Now 24 years old with two widely received EPs under her belt, Holly Humberstone offers a vivid and emotionally raw coming-of-age story on Paint My Bedroom Black, illustrating her journey from being an emerging artist to one of the most captivating alt-pop sensations among her generation. Within a carefully-crafted, dreamlike atmosphere, Humberstone’s lyricism captures experiences that are deeply personal yet unflinchingly honest. Though much of the album explores coming into her own power, Humberstone doesn’t turn away from exploring the darker sides of her mind. “Cocoon” carries an upbeat tone, even as it holds some rather depressing lyrics. It’s reminiscent of that feeling every teenage girl can resonate with—looking at yourself in the mirror, attempting to convince yourself that you’re truly happy while, on the inside, you’re holding back tears. “I’ve been paralyzed for more than a week / But don’t let it scare you / This is fairly routine,” Humberstone sings. “Now I’ve become a taxidermy version of myself / The laundry’s piling up / The plants are dying on the shelf.” Paint My Bedroom Black is as much a love letter as it is a nuanced exploration of self-growth and a discomfort with love that stems from insecurities and past relationships. The album follows much of the same pacing and sound throughout, with the lack of variety occasionally making it difficult to distinguish between songs. However, offerings like “Girl,” “Antichrist” and “Kissing in Swimming Pools” are distinct standout tracks. It’s clearly a liberating piece of work, and Humberstone’s honesty and alluring delivery is bound to resonate with listeners near and far. —Alyssa Goldberg [Read our full feature]

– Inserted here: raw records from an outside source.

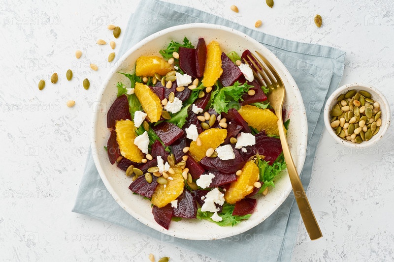 Веганский салат со свекольным творогом, авокадо, апельсином, фетой, рикоттой и тыквенными семечками, кето-диета,
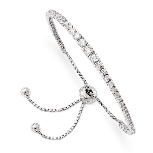 Adjustable cubic zirconia tennis bracelet is made of rhodium plated sterling silver. Adjustable from 5in to 9in. 189 round cubic zirconias decorate this bolo bracelet. Box link chain and ball tips. Weight: 6.1 grams. Import.
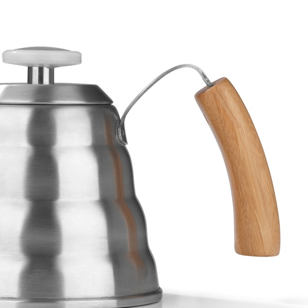 Wasserkessel aus rostfreiem Edelstahl hat Thermometer, Schwanenhals und edlen Bambusgriff
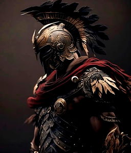 An ancient Roman gladiator, captured with detailed armor and an intense gaze.

Unreal Unearth is packed full of poetic lyricism, heavyhearted remorse, hopeful anticipation and an honest expression of the joys and sorrow of being a human. This is undoubtedly his best work. The more straightforward tracks may be too saccharine at times, but Hozier’s gravitational artistry more than makes up for any slight missteps off the path. The song order is an improbable hero, as the pacing and experience the listener goes through only accelerates the impact. There is a sharp balance across the entirety of Unreal Unearth—it’s never top-heavy nor is it ever stagnant, the sonic IV constantly dripping musicality into your body. From choir swells to poetic lines that find a way to hit you unexpectedly, the album is a tremendously soulful experience. —Sam Eeckhout [Read our full Cover Story]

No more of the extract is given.